Asking the Angels and Saints for Help

It was St. Jude I asked to help the doctors wean my mother off the respirator.
In late October 1987, she my mother was admitted to the hospital with pneumonia. After four days of IV antibiotics, she improved, and we hoped she would soon be released.

Then she took a turn for the worst.

I slept by her hospital bed for two nights. I knew in my bones something was wrong and warned the doctors that she would have a stroke if they did not do something quickly. On Tuesday, they told me they scheduled a CAT scan for her for Wednesday at 9 a.m. “That will be too late,” I said. Sure, enough at 5 a.m. Wednesday morning I was startled awake by her coughing. Choking. I tried to clear the phlegm as I did the previous nights but she kept shaking.

The room was dark, I turned on the light above her hospital bed. I saw her eyes roll back in her head, she was red and blue, and violently shaking.

I frantically pressed the nurse call button. No response.

I ran into the hall screaming. No one was at the nurse’s station. I ran and screamed, “Help, Help! Help my mother!” I opened the door to the nurse’s lounge where I found a few nurses. I ran back to her room with them. Then on the overhead speaker, I heard, “Code Blue and her room number”.

At that point, I was escorted out of her room as they worked on her.

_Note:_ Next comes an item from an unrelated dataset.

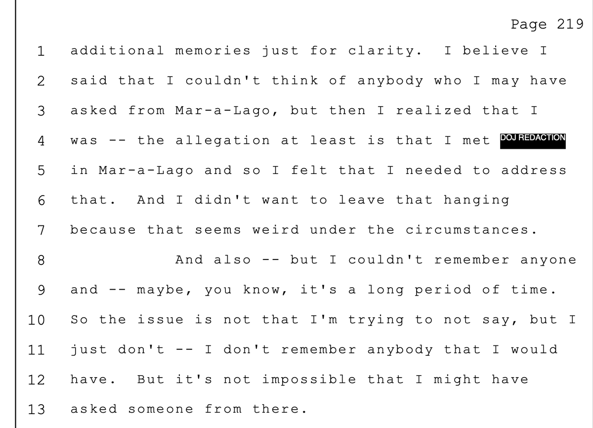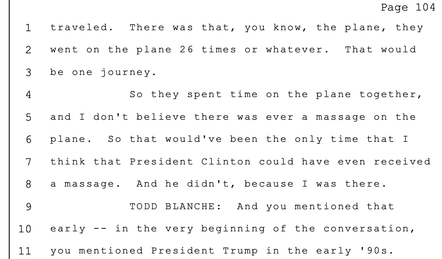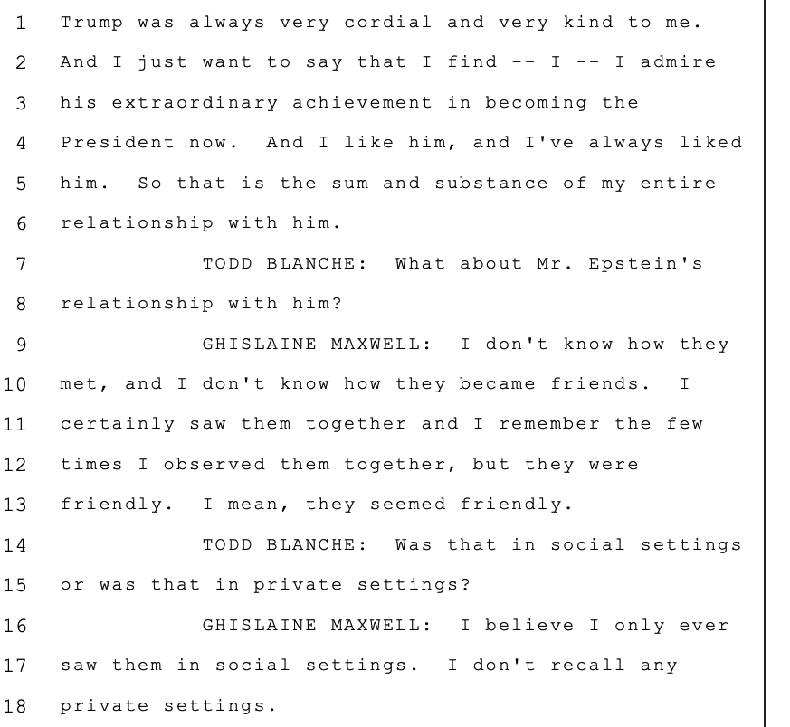 Maxwell on Epstein's relationship with Trump: "I don't know how they met, and I don't know how they became friends. I certainly saw them together and I remember the few times I observed them together, but they were friendly. I mean, they seemed friendly."

They resuscitated her but she spent several months in the ICU on a respirator. She had been without oxygen for too long and was semi-comatose.

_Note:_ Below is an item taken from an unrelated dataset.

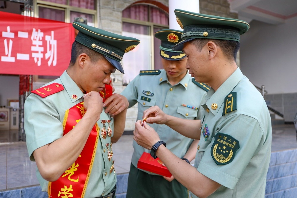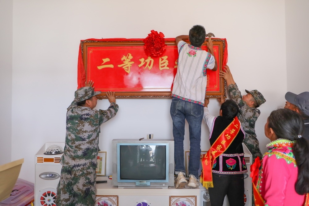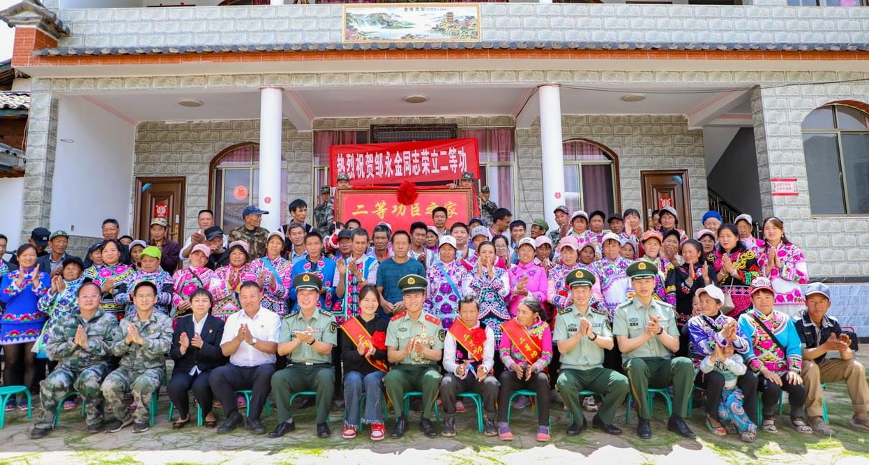 鑼鼓喧天,鞭炮齊鳴。近日,云南省楚雄彝族自治州大姚縣桂花鎮(zhèn)大河村張燈結彩、熱鬧非凡,武警云南總隊昭通支隊派出送喜報小分隊輾轉600余公里來到這里,聯(lián)合當?shù)厝宋洳亢屯艘圮娙耸聞站?,為榮立個人二等功的現(xiàn)役軍人鄒永金的家屬送去喜報、牌匾和慰問金。
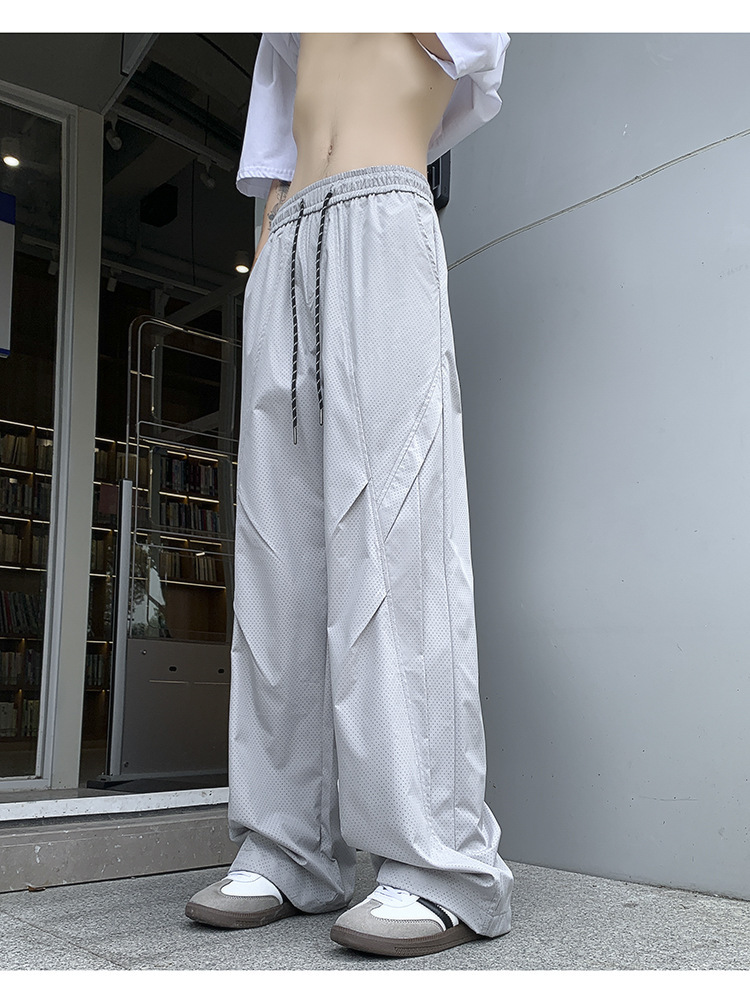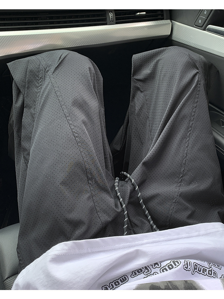 회색 흰색 선 스크린 크록 바지 남자 여름 아이스 실크 얇은 통기성 메쉬 빠른 건조 바지 미국식 마체테 바지

In order to get her moved to a nursing home nearby so that my elderly father and I could visit her, she had to be weaned from the respirator that kept her alive.

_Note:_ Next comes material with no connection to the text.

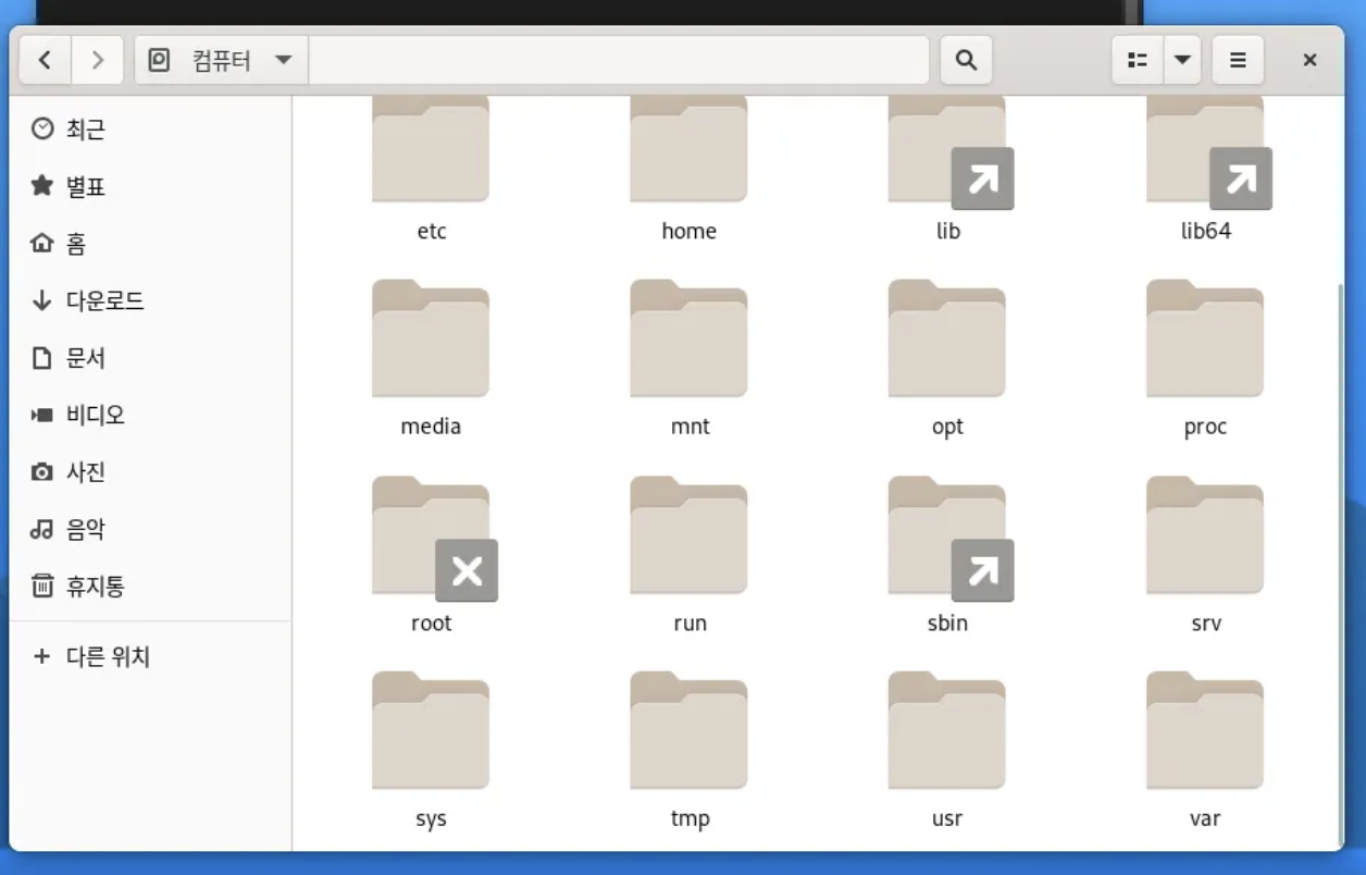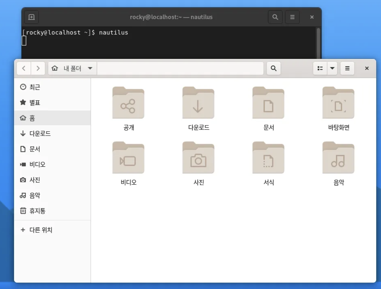 윈도우의 탐색기, 맥의 파인더처럼, Rocky Linux는 노틸러스라는 파일브라우저를 사용합니다.

Her doctor tried unsuccessfully multiple times. I did not trust that he was not being haphazard with the speed at which he wanted to wean her. We didn’t have the greatest relationship. His bedside manner was atrocious and he lacked empathy and compassion.

It was a Saturday night in late January 1988; I went to church and begged St. Jude to help. The next day at 10 a.m. I went to see my mother. A man was working the controls of her respirator. “Who are you?” I asked. He introduced himself, he was the head of the respiratory department. Unbeknownst to me, he’d taken over her case.  I said, “You’re going to be successful in weaning her off the machine.” He was not confident or egotistical. He simply said, “I’ll do my best.” I told him again, “You will succeed.” I knew he was the miracle sent by St. Jude. Within two days he succeeded when so many other attempts failed. I give St. Jude credit for guiding that doctor.

We live in a free-will zone and must ask for assistance. Call upon your Angels, Guides, and Guardians, the Saints, your ancestors, every day. Form a close relationship with them all. They will absolutely help if you ask.